Rapider Than Horsepower – This Is My Big Night

5 out of 5

Label: Essay Records

Produced by: Mike Dixon (recorded by)

Everything I could tell you is covered in a much more in-depth review over at cokemachineglow. After I read that, my own opinion just kinda farted out of my head in a frightened defeat, knowing it didn’t have nearly as much to offer. 

I persevere, wondering if approaching This Is My Big Night with an empty head is for the best. Not because it’s senseless / meaningless, but because even with the context of its sister concept album – Stage Fright, Stage Fright – it’s easy to walk into this with some expectations (from that album; from lead Mike Anderson’s Racebannon) as to what this is going to sound like. And it doesn’t not sound like those things, but I was, and am, caught off guard by how it stands wholly on its own as well, as weird and catchy and harsh and silly and awesome as ever. 

This is the followup to Stage Fright’s setup, though it’s hard to parse what that means, plotwise. The nervy and naive celebration of creativity of that disc seems to blossom into our meandering through the ups and downs of a relative success: questioning self, relationships, and putting on different ‘tudes that suit the moment. But this isn’t the attempted moral tale of Rhonda Delite; This Is My Big Night still shares the upbeat vibe that is RtH’s m.o., but it’s turned into something incredibly focused; just as that previous album seemed to revel in the “discovery” of oneself to an extent, this album is okay with those post-discovery ebbs and flows.
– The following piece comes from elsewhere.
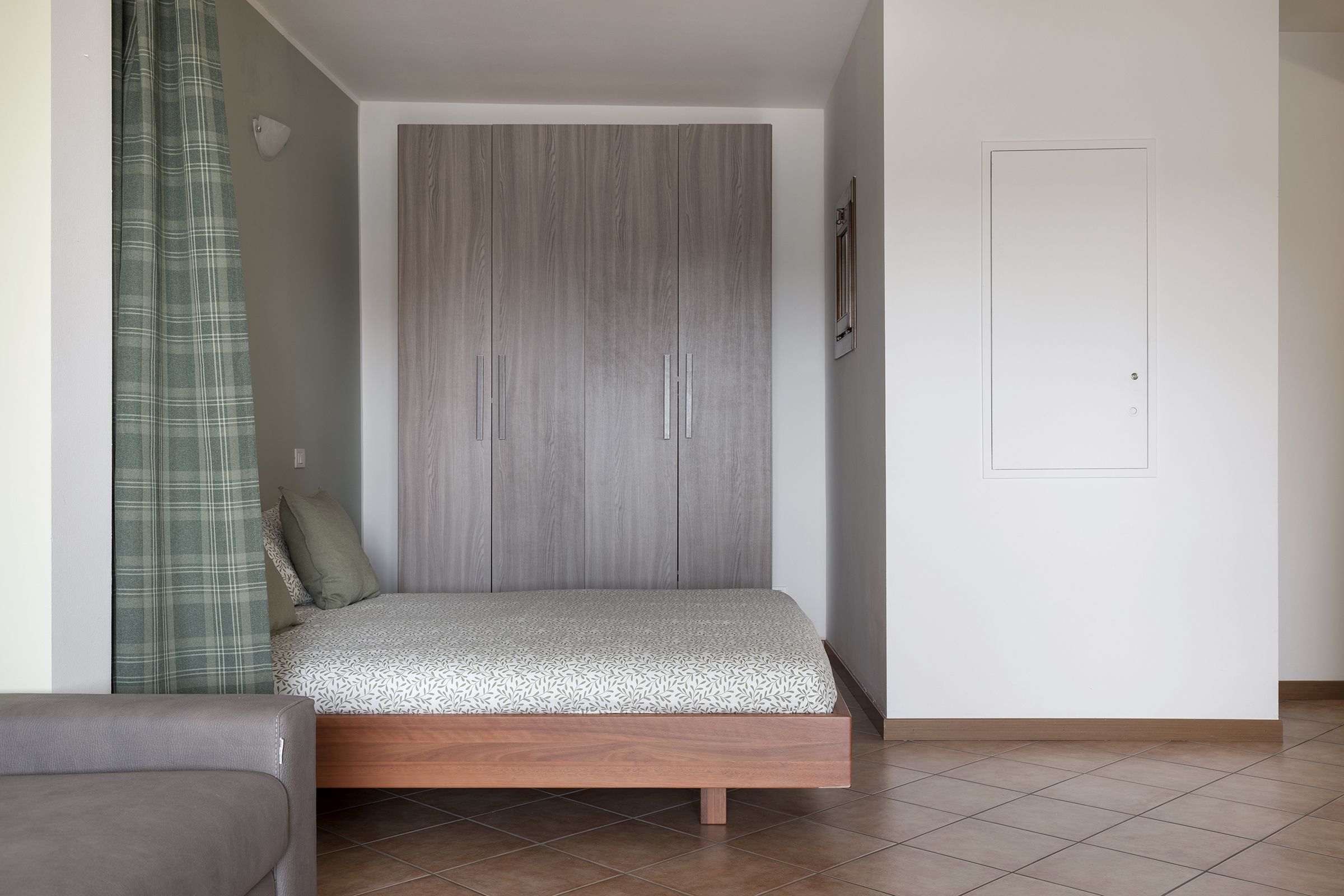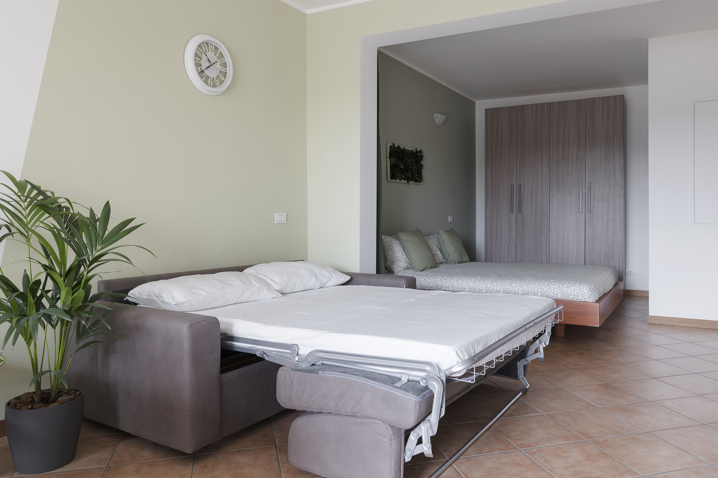 The sleeping area, separated by an elegant curtain, offers a double bed with high-quality bed linen, ensuring a restful sleep. The spacious wardrobe allows you to organize your personal belongings conveniently.

They are part and parcel of living a life; This Is My Big Night, perhaps, wants to turn those daily question marks into something more positive. 

Not that this is all hunky dory thumbs up subject matter, though; Anderson’s manic, layered vocals and the impossible criss-cross of clean, half-broken guitar licks – like a pop-ized U.S. Maple – plus the jumpy drumming, and very present production, give the album a dramatic edge, regardless of whether its tone is wholly a happy or melancholy one. 
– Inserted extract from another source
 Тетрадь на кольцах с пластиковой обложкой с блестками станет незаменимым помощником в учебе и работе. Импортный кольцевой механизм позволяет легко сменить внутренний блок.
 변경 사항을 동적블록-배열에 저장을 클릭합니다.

Ultimately, though, this is kind of my ideal double album concept package: each disc stands alone, but complements the other – some riffs and themes are lifted from Stage Fright – while also allowing for a sense of a journey to emerge as you go through both discs.  

You could easily circle back around to Stage Fright’s relative doubts after this, making for quite an emotional cycle, but regardless of how often I have done exactly that, the energy and ferocity and yet somehow delicate nature of this disc never fails to surprise, or make me smile.